On October 7, Geely announced that the possibility of merging the powertrain business with Volvo is under discussion, yet this proposal is still in the planning stage, and will put into effect after a joint agreement, approval from both sides’ labor unions and regulatory departments, as well as due diligence.

In fact, after Geely completed the acquisition of Volvo, it has started to join forces with Volvo for synergetic development such as Compact Modular Architecture (CMA) R&D.

Now, this plan is incubated by the two parties aiming at being a supplier of the next generation's cylinder engine and hybrid power system globally. Successful merger is expected to benefit their operating processes and reduce the expenditure of the group through jointly R&D and production.

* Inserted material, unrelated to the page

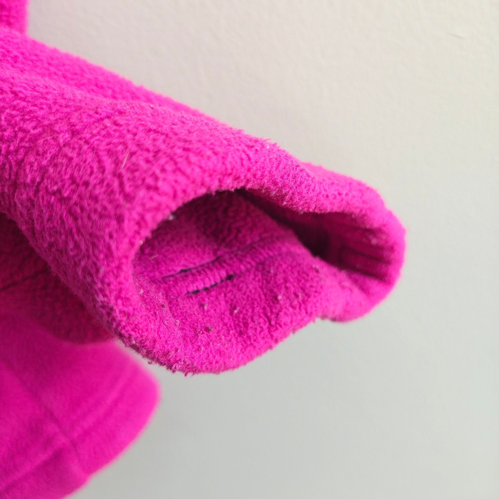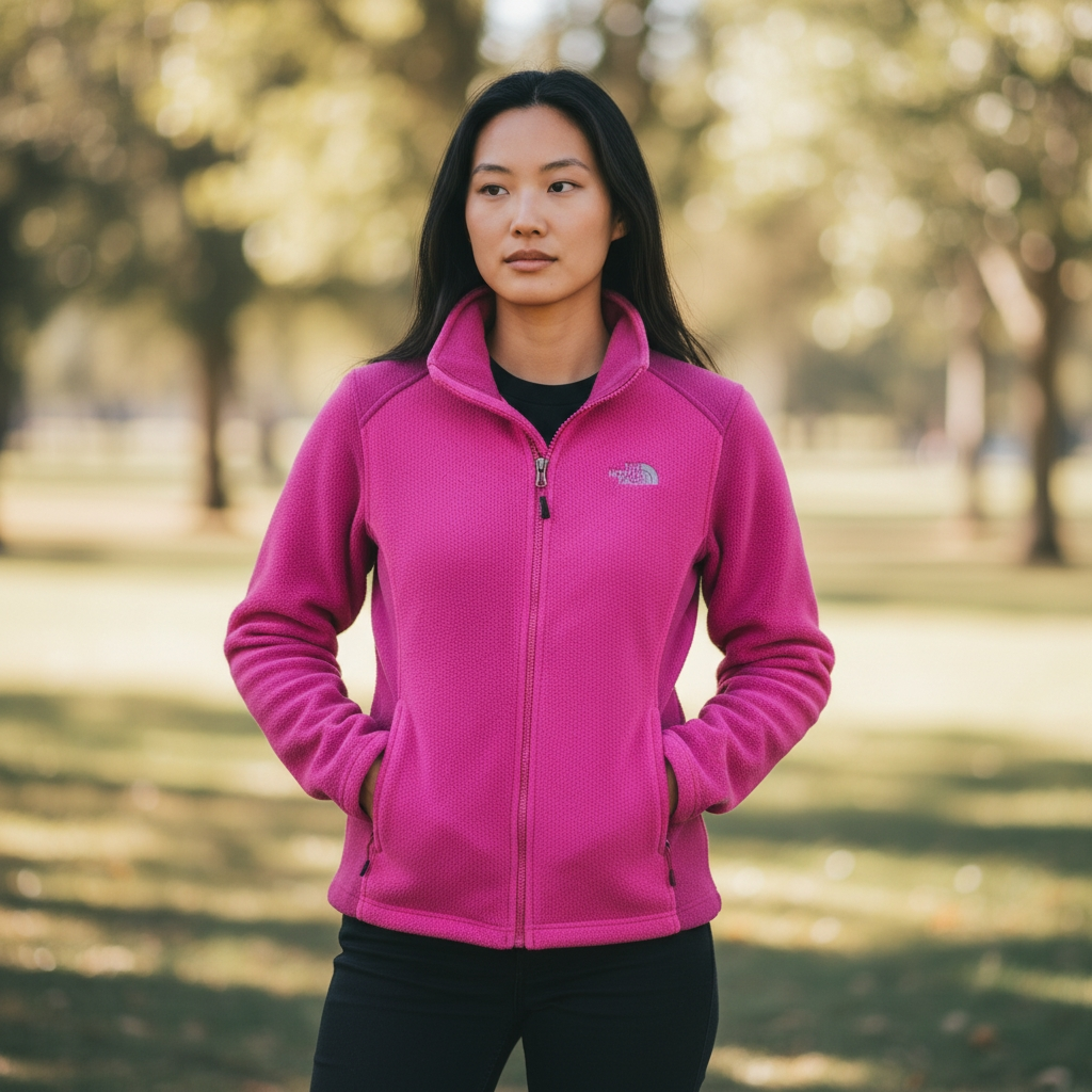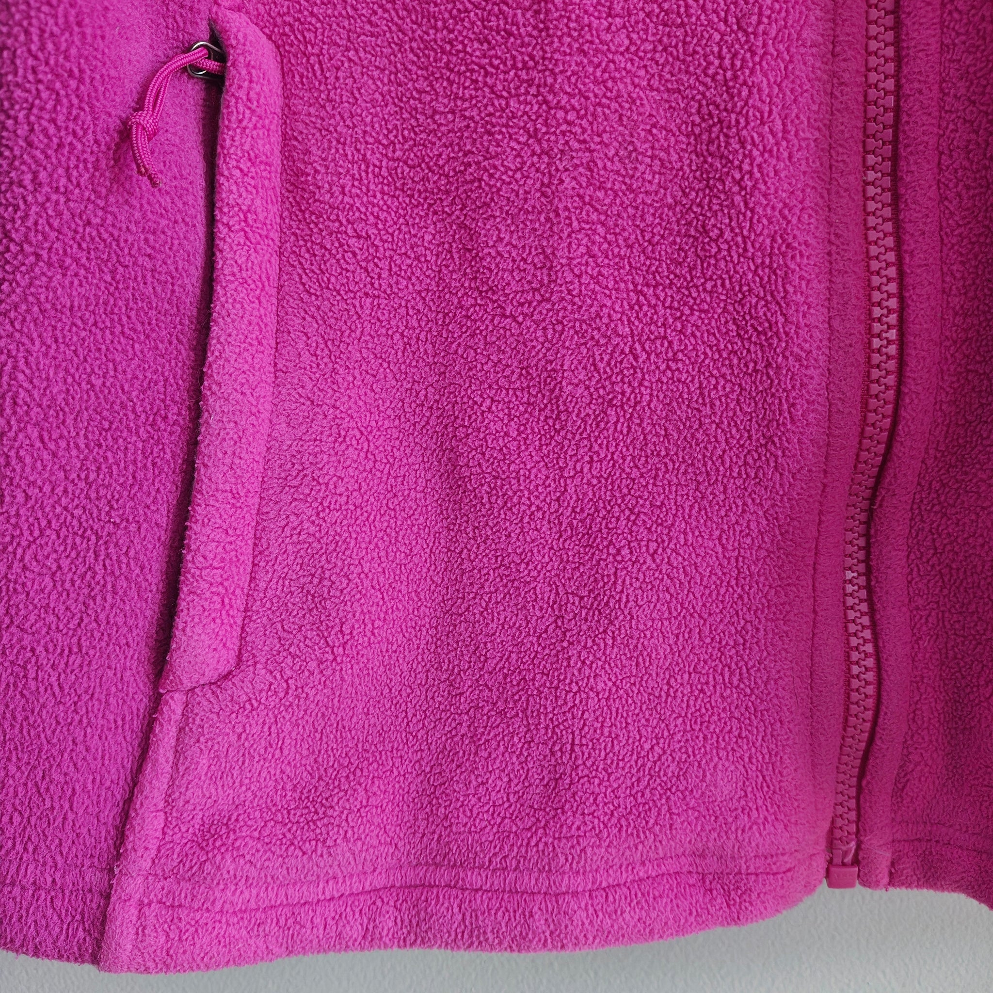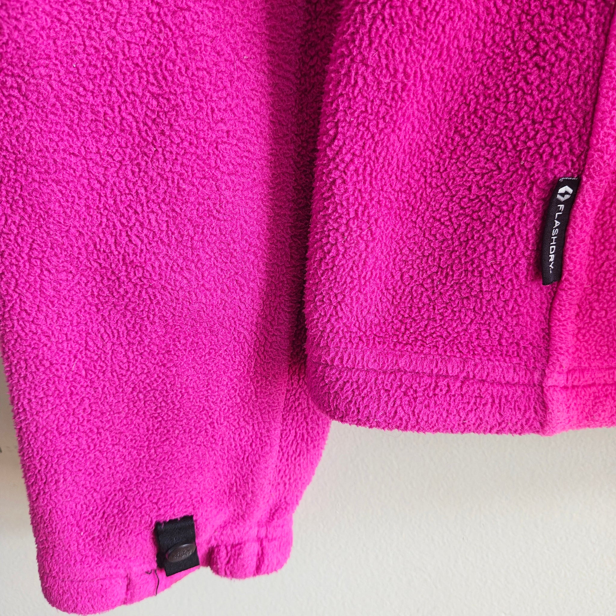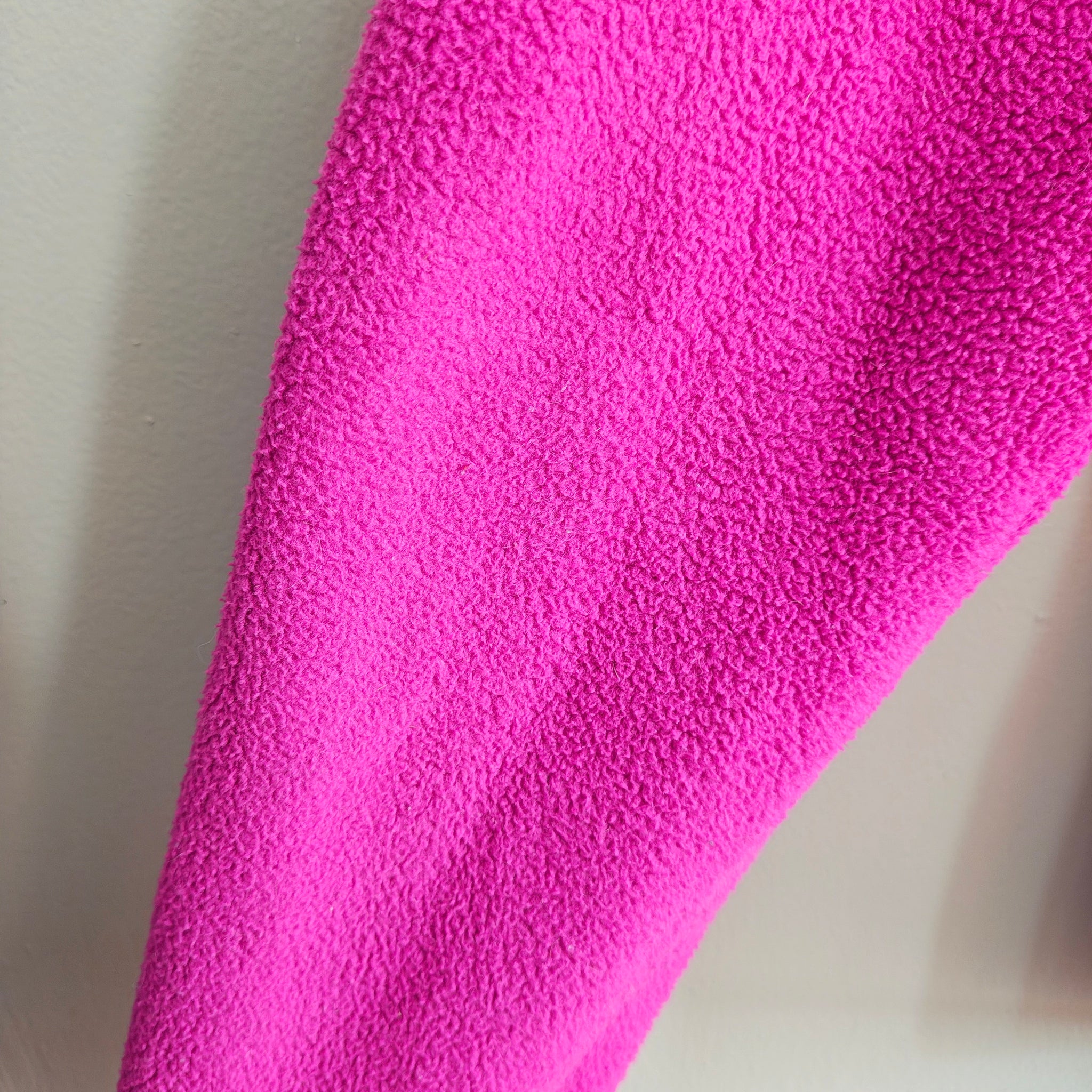 The North Face women's full-zip fleece jacket features a high collar, full-zip closure, and soft, fleece material in a fuchsia and magenta pink color.

During 2018, the Group recognized a total expense of CNY1.9 billion in relation to its research and development activities, including the amortization of intangible assets and R&D costs. According to Geely's 2019H1 financial report, additions to intangible assets by acquisition and capitalization in respect of development costs amounted to approximately CNY2.3 billion in the first half of 2019 (six months ended 30 June 2018: CNY2.1 billion).

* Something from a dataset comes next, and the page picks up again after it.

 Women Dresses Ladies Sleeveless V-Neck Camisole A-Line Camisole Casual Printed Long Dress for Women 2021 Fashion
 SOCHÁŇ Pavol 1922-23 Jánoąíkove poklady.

Geely and Volvo have both said that the combined engine business will help to push the electrification process. According to Volvo's plan, by 2025, half of all models sold will be pure EV and hybrid, and the hybrid car's power system will be provided by the newly formed business unit.

"At the same time as we fully promote the electrification process, we will continue to increase investment in clean and efficient powertrain and hybrid power systems, and prospectively layout high-end industries and chains, which provide consumers with more competitive products and services while improving the efficiency of our operations", according to Mr. An Conghui (安聪慧) CEO and President of Geely Automobile Holdings Limited.

Hakan Samuelsson, president and CEO of Volvo also said: "Hybrid vehicles require the best engines. This new business unit will integrate resources, teams and expertise with scaled cost advantages to create a leading power system."

Both Geely and Volvo executives revealed that the combined powertrain business release the financial presser by cost reduction. In fact, since 2017, Geely has successively acquired the business of Proton and Lotus, and invested in Daimler to become its second-largest shareholder. Those large buyout activities made the leverage ratio surge.

In this regard, some media have previously questioned that Geely Group's overall liability has exceeded CNY 160 billion, and the debt to asset ratio was higher than the average level of domestic automakers. Li Donghui (李东辉), CFO of Geely Holding Group, clarified that the debt ratio of Geely Group is normal among the world's top 500 companies.

The total liability of Zhejiang Geely Holding Group was CNY 97.47 billion at the end of 2014, and this figure hit CNY184.26 billion by the end of the first quarter of 2018. As of the end of September 2018, Geely Holdings and its subsidiaries had a total of CNY 25.4 billion bonds pending, including USD1 billion, EUR 1 billion and SEK 3 billion. Although Geely can rely on further issuing bonds to supplement the company's operating cash, the financial costs will increase significantly, which will affect the company's profitability.